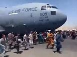 Footage from Hamad Karzai airport showed hundreds of people running alongside – and in front of – a US Air Force plane preparing to take off
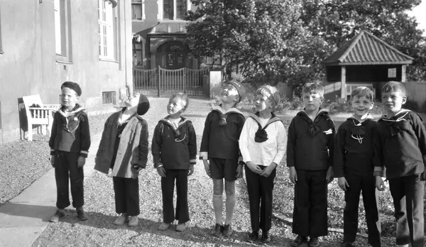 John Lund, Gulbrandsen, Stig Borthen, Tage Munthe-Kaas, Rolf Sundt jr., Herman Kragh, Otto Grieg Tidemand, Anders Østbye står sammen i Heftye terrassen på 7-årsdagen til Rolf Sundt jr. 24. juni 1928.
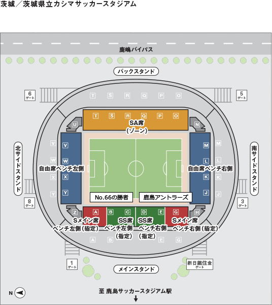 ■JR「東京」駅八重洲南口より、高速バス「鹿島神宮」行きで「カシマサッカースタジアム」下車
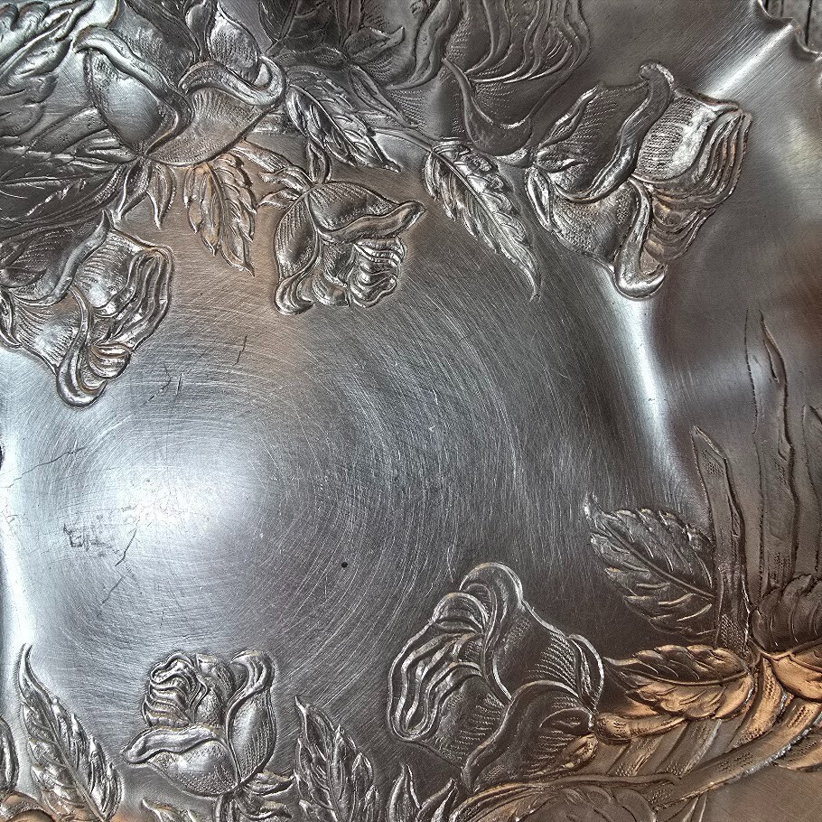 Primary image for Farber Shlevin Hammered Aluminum Tray Scroll Rose Motif Hand‑Wrought Vintage
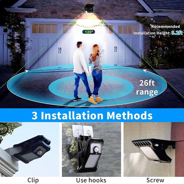 Takoj zazna gibanje in zapolni temne površine z svetlo, odzivno svetlobo (do 300 lumnov), ki odvrača vlomilce in vodi goste. Napredni PIR senzor reagira v nekaj sekundah na razdalji do 6–8 m in vključuje nastavljivo občutljivost ter nastavitve časovne omejitve, tako da nadzirate, kdaj in kako dolgo sveti.
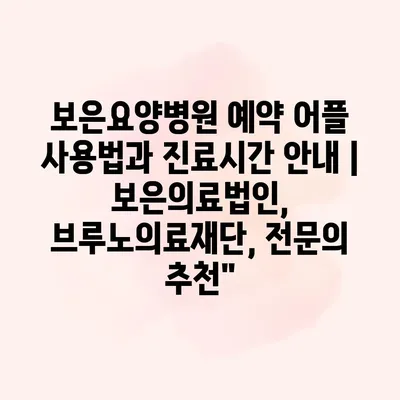보은요양병원 예약 어플 사용법과 진료시간 공지는 환자와 보호자에게 큰 도움이 되는 정보입니다. 이 어플을 사용하면 간편하게 진료 예약을 할 수 있으며, 대기 시간을 줄일 수… 더 보기 »보은요양병원 예약 어플 사용법과 진료시간 안내 | 보은의료법인, 브루노의료재단, 전문의 추천”
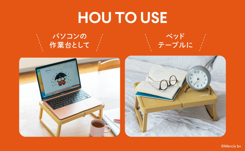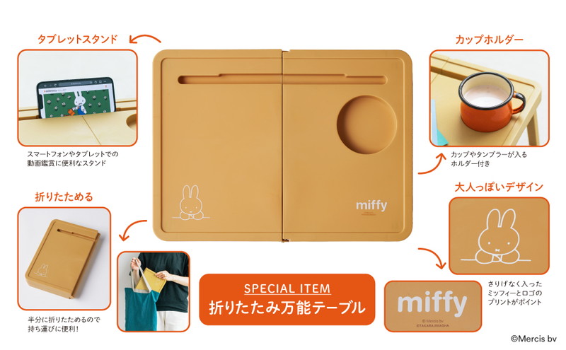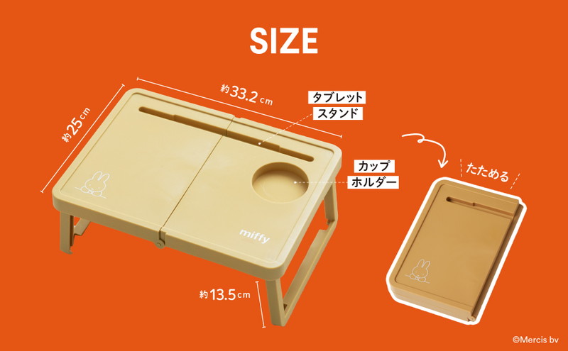 シンプルでインテリアにも馴染む、おしゃれな折りたたみミニテーブルができました。ミッフィーとロゴのプリントがポイントになった大人かわいいデザインです。
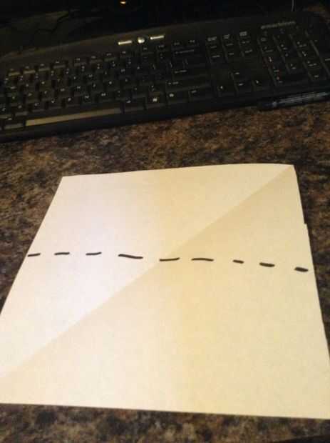 Paso 5: luego se corta exactamente la mitad por la Plaza (doblar el cuadrado por la mitad para obtener una justa medición
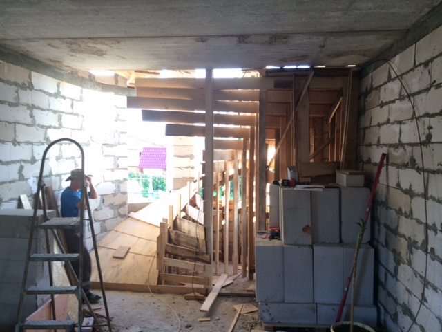 Первоначально надо четко разметить каков будет угол подъема лестницы, и какие материалы вам будут необходимы для ее возведения. Так для опалубки понадобятся доски, из которых будет сделан каркас. Здесь лучше не экономить на опалубке, чтобы не испытать фиаско в связи с обвалом еще не застывшего бетона в ней. Первоначально выполняем как раз опалубку из досок…
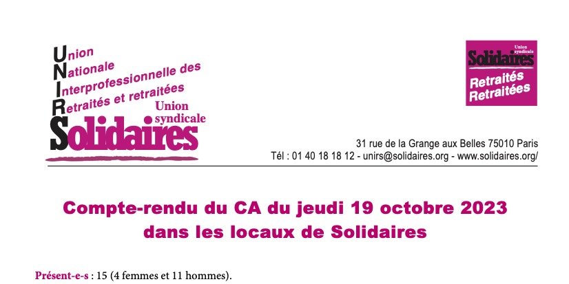 - Le PLFSS 2024. En document préparatoire à nos discussions, a été joint le texte rédigé par Alain Caillot, ancien de SUD Protection sociale, actuellement à Solidaires 76. Ce texte a été vu par la commission « Protection sociale » de Solidaires et a été retenu par le secrétariat national de Solidaires pour rédiger le communiqué de Solidaires du 9 octobre.
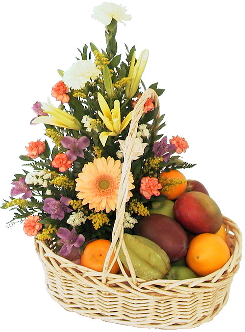 Especially For You...Description: pink snapdragons, yellow stargezer,oranges carnation .,with 6 item's fruits in a basket Your gift will come with a greeting card and your message . |
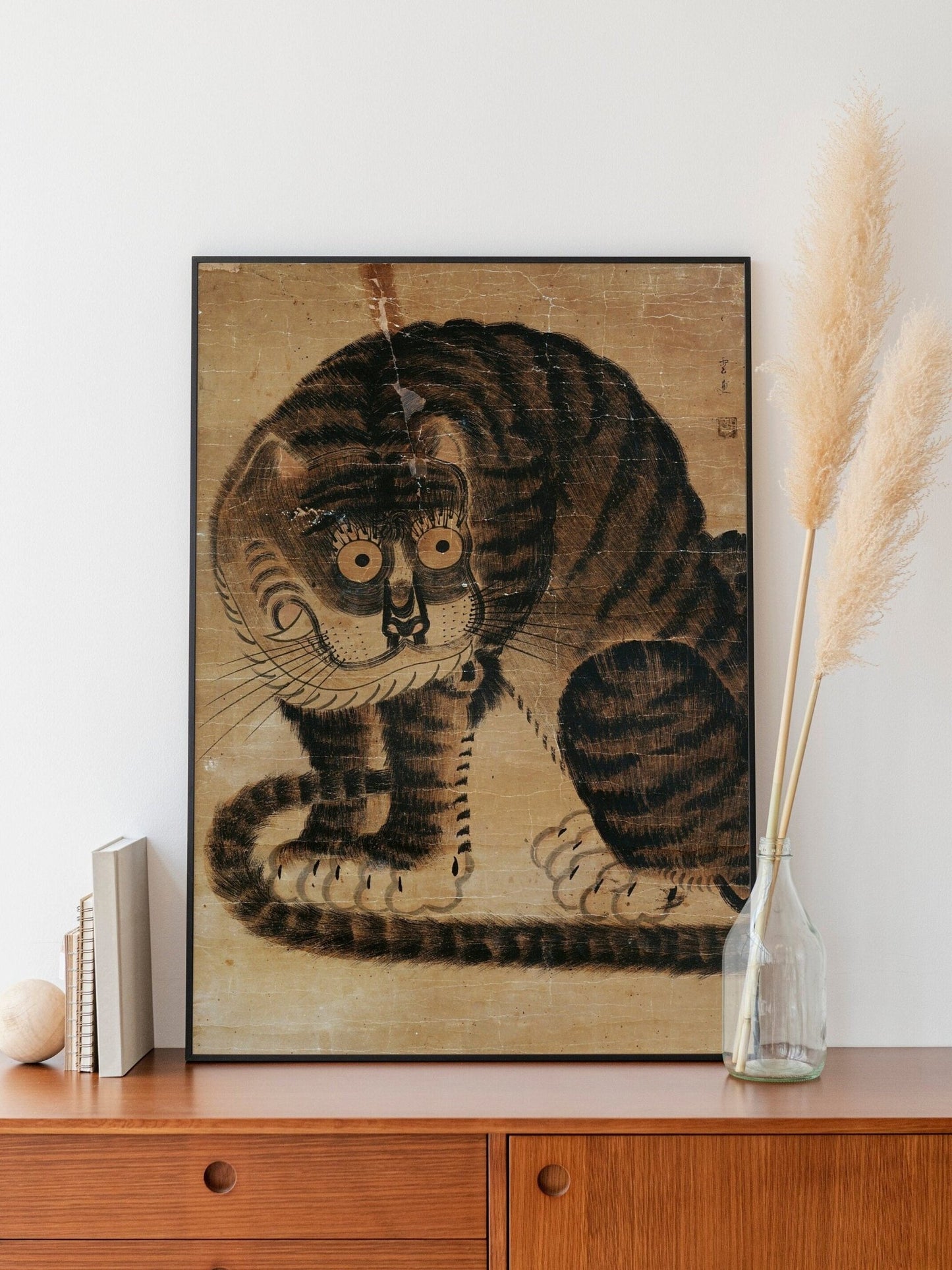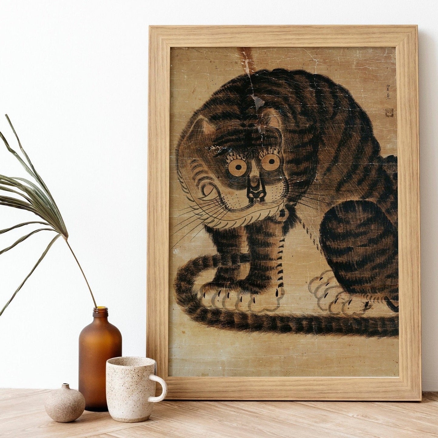 Traditional Korean art depicting a tiger. Available to order as a premium giclée art print with a wide range of framing options.
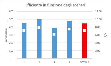 - Autonomia = è ottenuta moltiplicando il valore di k/k in ciascuno scenario per la capacità della batteria (64 kWh)
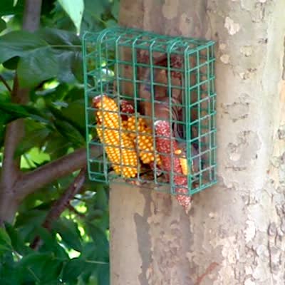 A chipmunk eats corn in a cage mounted to a tree. It fills up its cheeks and can't squeeze through the openings so it spits all the corn on the ground and climbs out.
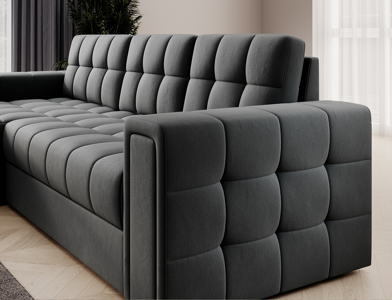 Coltar extensibil reversibil 3 locuri ELTAP, Blenvi, 260x150x82 cm, lemn/poliester, gri antracit
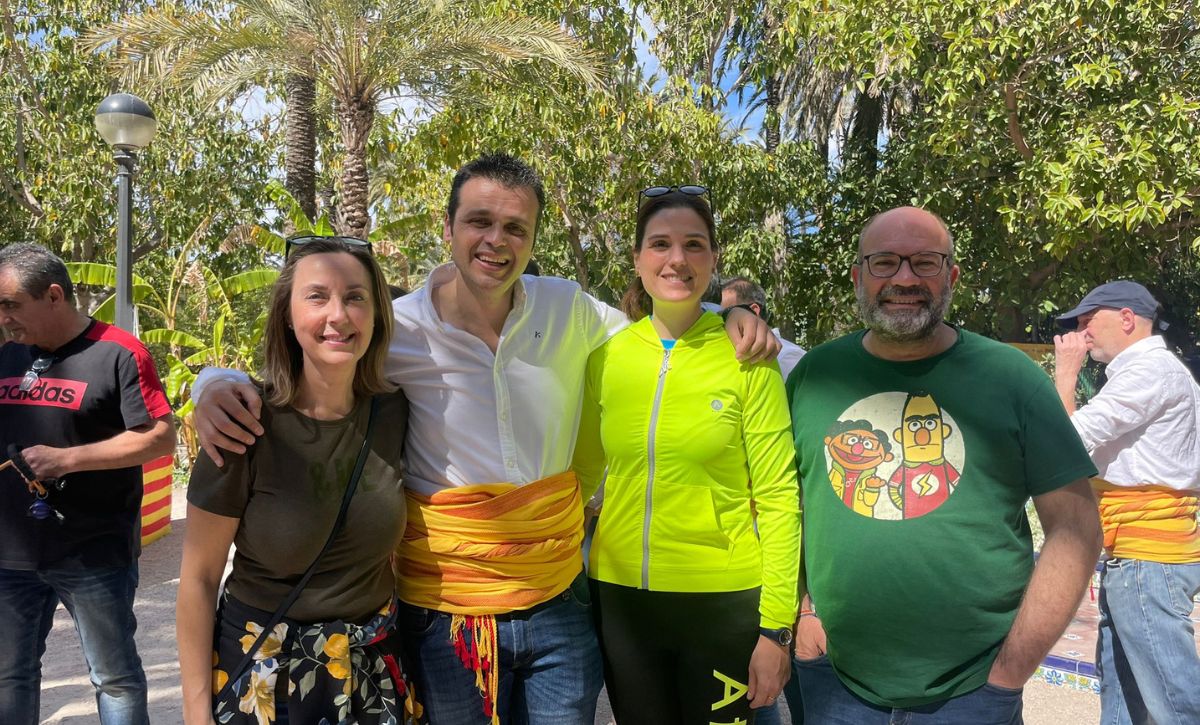 El concejal de Promoción Lingüística, Carles Molina, la edil de Educación, María José Martínez, la edil de Cultura, Marga Antón, y miembros del Equipo de Gobierno asisten al evento que ha continuado con la entrega de recordatorios a los centros educativos participantes en la Rotonda del Parque, donde también se ha leído el manifiesto

# WORK ORDER
After locating the line with "Первоначально надо четко", transcribe it and the rest of the data above exactly as written, without any picture.

# EXERCISE ANSWER
 Первоначально надо четко разметить каков будет угол подъема лестницы, и какие материалы вам будут необходимы для ее возведения. Так для опалубки понадобятся доски, из которых будет сделан каркас. Здесь лучше не экономить на опалубке, чтобы не испытать фиаско в связи с обвалом еще не застывшего бетона в ней. Первоначально выполняем как раз опалубку из досок…
 - Le PLFSS 2024. En document préparatoire à nos discussions, a été joint le texte rédigé par Alain Caillot, ancien de SUD Protection sociale, actuellement à Solidaires 76. Ce texte a été vu par la commission « Protection sociale » de Solidaires et a été retenu par le secrétariat national de Solidaires pour rédiger le communiqué de Solidaires du 9 octobre.
 Especially For You...Description: pink snapdragons, yellow stargezer,oranges carnation .,with 6 item's fruits in a basket Your gift will come with a greeting card and your message . |
 Traditional Korean art depicting a tiger. Available to order as a premium giclée art print with a wide range of framing options.
 - Autonomia = è ottenuta moltiplicando il valore di k/k in ciascuno scenario per la capacità della batteria (64 kWh)
 A chipmunk eats corn in a cage mounted to a tree. It fills up its cheeks and can't squeeze through the openings so it spits all the corn on the ground and climbs out.
 Coltar extensibil reversibil 3 locuri ELTAP, Blenvi, 260x150x82 cm, lemn/poliester, gri antracit
 El concejal de Promoción Lingüística, Carles Molina, la edil de Educación, María José Martínez, la edil de Cultura, Marga Antón, y miembros del Equipo de Gobierno asisten al evento que ha continuado con la entrega de recordatorios a los centros educativos participantes en la Rotonda del Parque, donde también se ha leído el manifiesto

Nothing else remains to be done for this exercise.